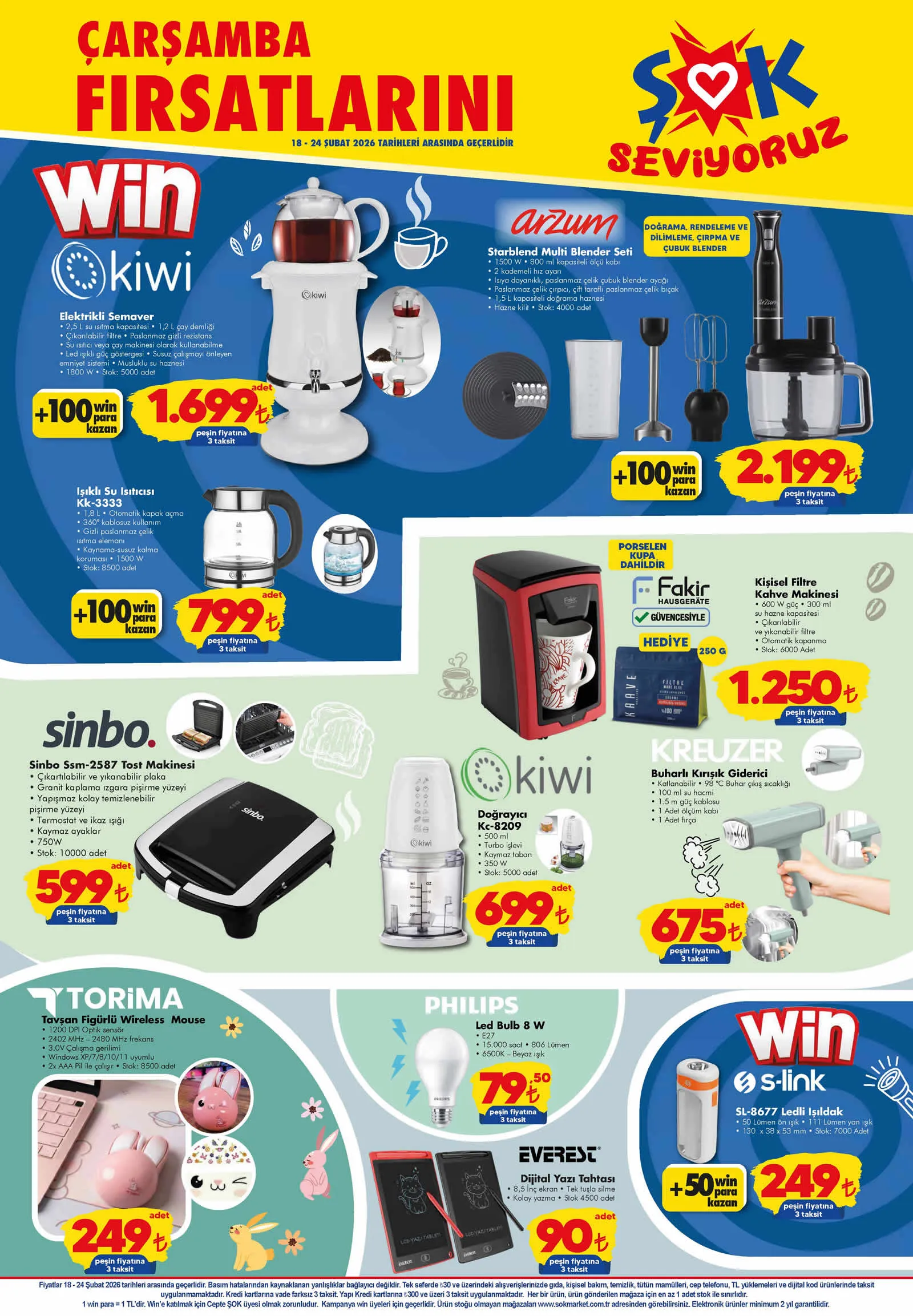 Dijital yazı tahtası, tost makinesi, doğrayıcı, buharlı kırışık giderici, filtre kahve makinesi, ışıklı su ısıtıcı, elektrikli semaver, sahan, silikon servis seti ve poşetlik gibi ürünlerin yer aldığı 18 Şubat tarihinden itibaren geçerli olacak ŞOK kataloğu yayınlandı.
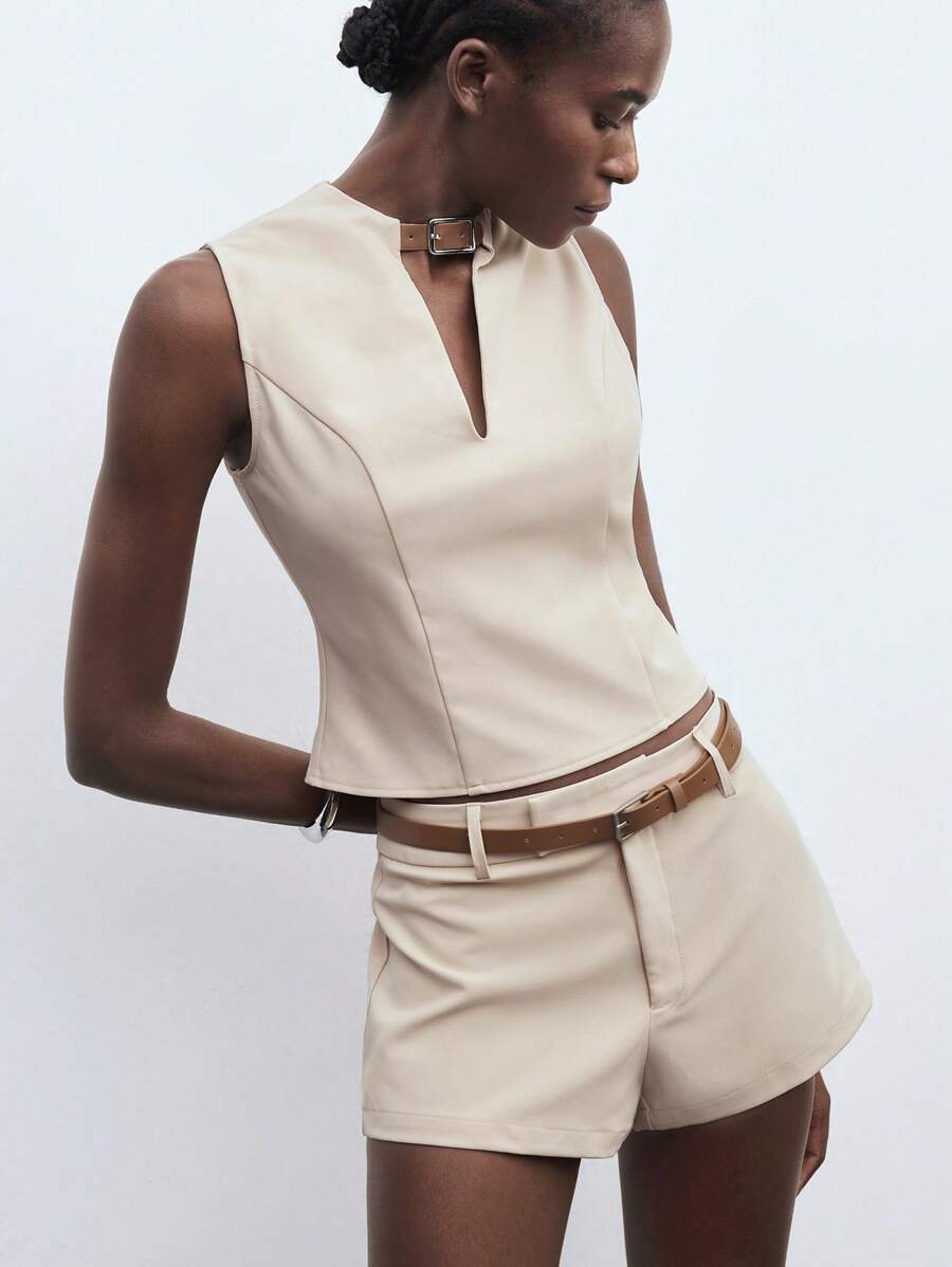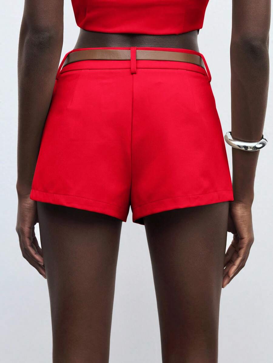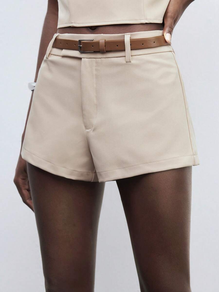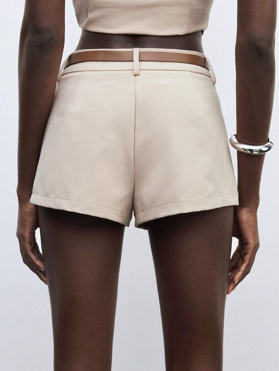 MIU Modern Urban Style Women Shorts With Belt Decor, Minimalist Fashionable Chic, Versatile Summer Outfit
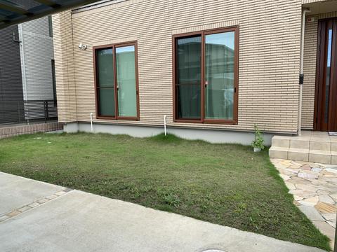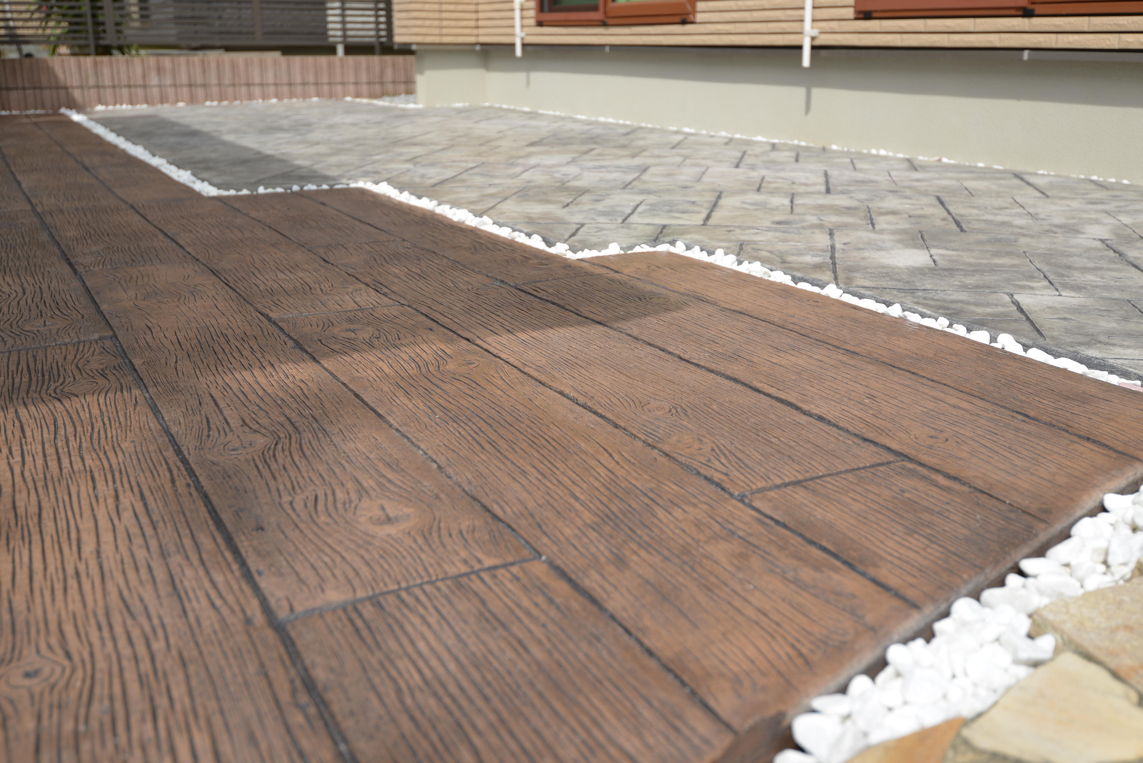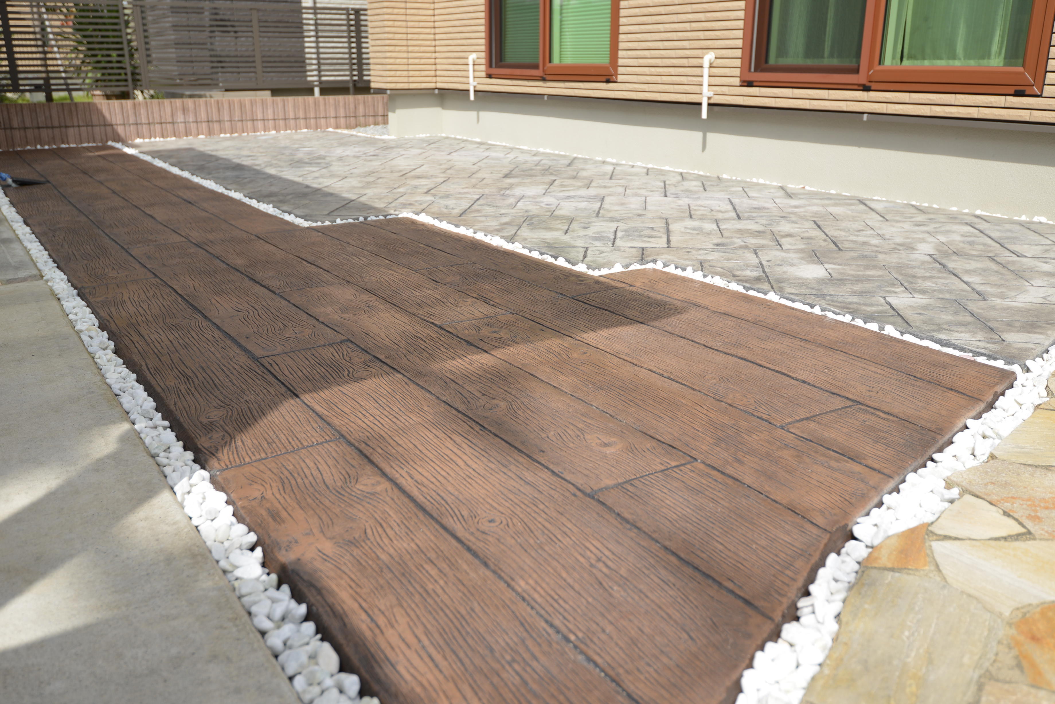 元は芝生のところを、クラフト人気のスタンプコンクリート施工 にしお手入れしやすいお庭になりました。 今回は2パターンの柄を使用しています。 クラフトはMATスタンプコンクリートの提携工務店です。 自信を持ってお勧めいたします。
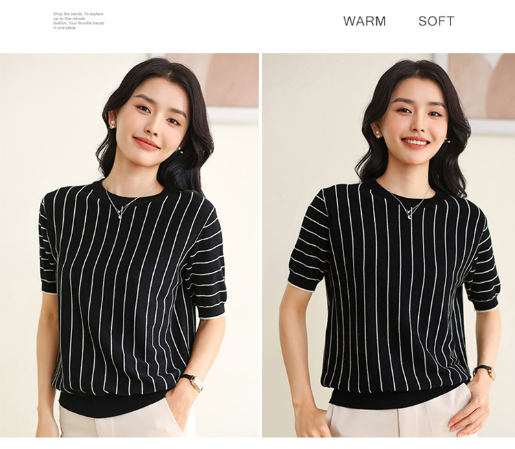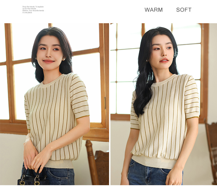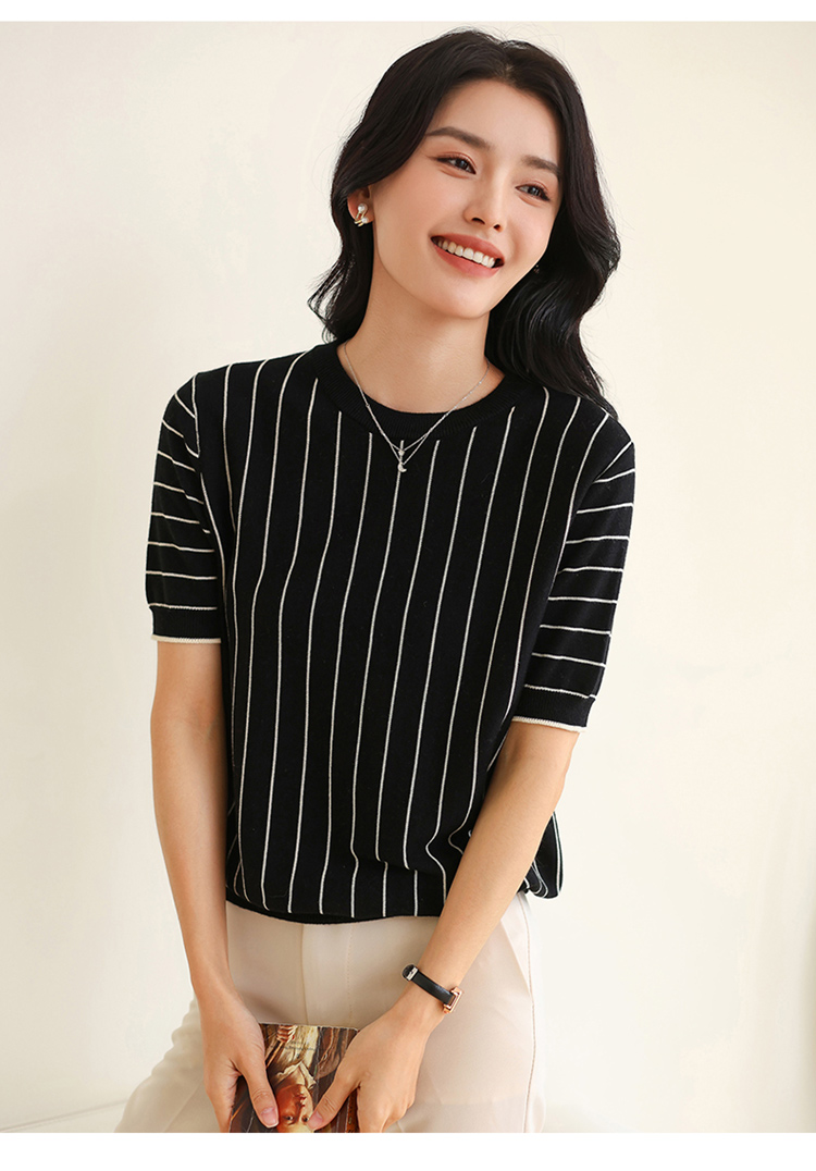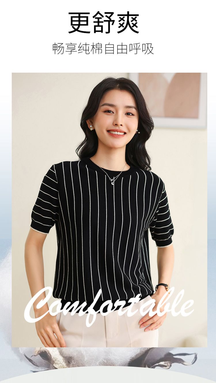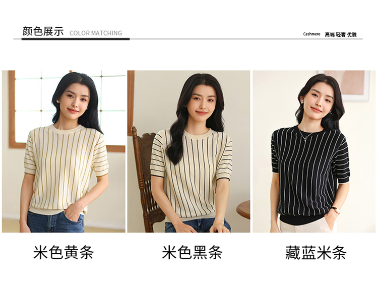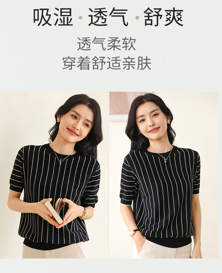 纤束马法式知性竖条纹短袖T恤 YRT-716

++++++++++++++++++++

Exercise prompt:
Write out the listing above exactly as it stands, pictures excluded.

Exercise response:
 Dijital yazı tahtası, tost makinesi, doğrayıcı, buharlı kırışık giderici, filtre kahve makinesi, ışıklı su ısıtıcı, elektrikli semaver, sahan, silikon servis seti ve poşetlik gibi ürünlerin yer aldığı 18 Şubat tarihinden itibaren geçerli olacak ŞOK kataloğu yayınlandı.
 MIU Modern Urban Style Women Shorts With Belt Decor, Minimalist Fashionable Chic, Versatile Summer Outfit
 元は芝生のところを、クラフト人気のスタンプコンクリート施工 にしお手入れしやすいお庭になりました。 今回は2パターンの柄を使用しています。 クラフトはMATスタンプコンクリートの提携工務店です。 自信を持ってお勧めいたします。
 纤束马法式知性竖条纹短袖T恤 YRT-716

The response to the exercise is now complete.